* **Extracted data**:
= = = = =

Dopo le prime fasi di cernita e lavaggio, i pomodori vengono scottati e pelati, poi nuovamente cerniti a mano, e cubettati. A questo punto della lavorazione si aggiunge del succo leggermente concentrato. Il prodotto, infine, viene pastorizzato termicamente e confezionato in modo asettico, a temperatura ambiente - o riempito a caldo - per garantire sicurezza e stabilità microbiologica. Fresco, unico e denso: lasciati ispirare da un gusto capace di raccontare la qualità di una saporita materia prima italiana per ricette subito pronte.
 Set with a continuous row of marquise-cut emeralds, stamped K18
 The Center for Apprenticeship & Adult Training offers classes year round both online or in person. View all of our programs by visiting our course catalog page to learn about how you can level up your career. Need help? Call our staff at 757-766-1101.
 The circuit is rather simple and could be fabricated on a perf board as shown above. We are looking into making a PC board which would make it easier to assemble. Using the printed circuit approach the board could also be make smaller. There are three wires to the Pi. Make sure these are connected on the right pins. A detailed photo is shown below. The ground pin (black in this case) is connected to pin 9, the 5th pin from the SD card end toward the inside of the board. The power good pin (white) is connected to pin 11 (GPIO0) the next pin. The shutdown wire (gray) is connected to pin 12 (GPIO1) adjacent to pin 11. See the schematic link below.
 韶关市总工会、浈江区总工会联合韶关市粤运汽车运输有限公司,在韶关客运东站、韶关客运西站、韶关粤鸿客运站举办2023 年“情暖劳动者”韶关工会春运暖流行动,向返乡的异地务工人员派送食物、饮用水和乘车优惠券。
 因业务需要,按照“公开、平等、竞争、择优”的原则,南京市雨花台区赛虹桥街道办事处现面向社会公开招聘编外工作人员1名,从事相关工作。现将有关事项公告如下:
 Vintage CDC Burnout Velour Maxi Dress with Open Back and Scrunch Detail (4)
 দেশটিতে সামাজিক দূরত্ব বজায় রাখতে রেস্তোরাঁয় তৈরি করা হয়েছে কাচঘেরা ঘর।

= = = = =

* **Exercise description**:
Reproduce each line of the material above precisely.

* **Solution for this problem**:
Dopo le prime fasi di cernita e lavaggio, i pomodori vengono scottati e pelati, poi nuovamente cerniti a mano, e cubettati. A questo punto della lavorazione si aggiunge del succo leggermente concentrato. Il prodotto, infine, viene pastorizzato termicamente e confezionato in modo asettico, a temperatura ambiente - o riempito a caldo - per garantire sicurezza e stabilità microbiologica. Fresco, unico e denso: lasciati ispirare da un gusto capace di raccontare la qualità di una saporita materia prima italiana per ricette subito pronte.
 Set with a continuous row of marquise-cut emeralds, stamped K18
 The Center for Apprenticeship & Adult Training offers classes year round both online or in person. View all of our programs by visiting our course catalog page to learn about how you can level up your career. Need help? Call our staff at 757-766-1101.
 The circuit is rather simple and could be fabricated on a perf board as shown above. We are looking into making a PC board which would make it easier to assemble. Using the printed circuit approach the board could also be make smaller. There are three wires to the Pi. Make sure these are connected on the right pins. A detailed photo is shown below. The ground pin (black in this case) is connected to pin 9, the 5th pin from the SD card end toward the inside of the board. The power good pin (white) is connected to pin 11 (GPIO0) the next pin. The shutdown wire (gray) is connected to pin 12 (GPIO1) adjacent to pin 11. See the schematic link below.
 韶关市总工会、浈江区总工会联合韶关市粤运汽车运输有限公司,在韶关客运东站、韶关客运西站、韶关粤鸿客运站举办2023 年“情暖劳动者”韶关工会春运暖流行动,向返乡的异地务工人员派送食物、饮用水和乘车优惠券。
 因业务需要,按照“公开、平等、竞争、择优”的原则,南京市雨花台区赛虹桥街道办事处现面向社会公开招聘编外工作人员1名,从事相关工作。现将有关事项公告如下:
 Vintage CDC Burnout Velour Maxi Dress with Open Back and Scrunch Detail (4)
 দেশটিতে সামাজিক দূরত্ব বজায় রাখতে রেস্তোরাঁয় তৈরি করা হয়েছে কাচঘেরা ঘর।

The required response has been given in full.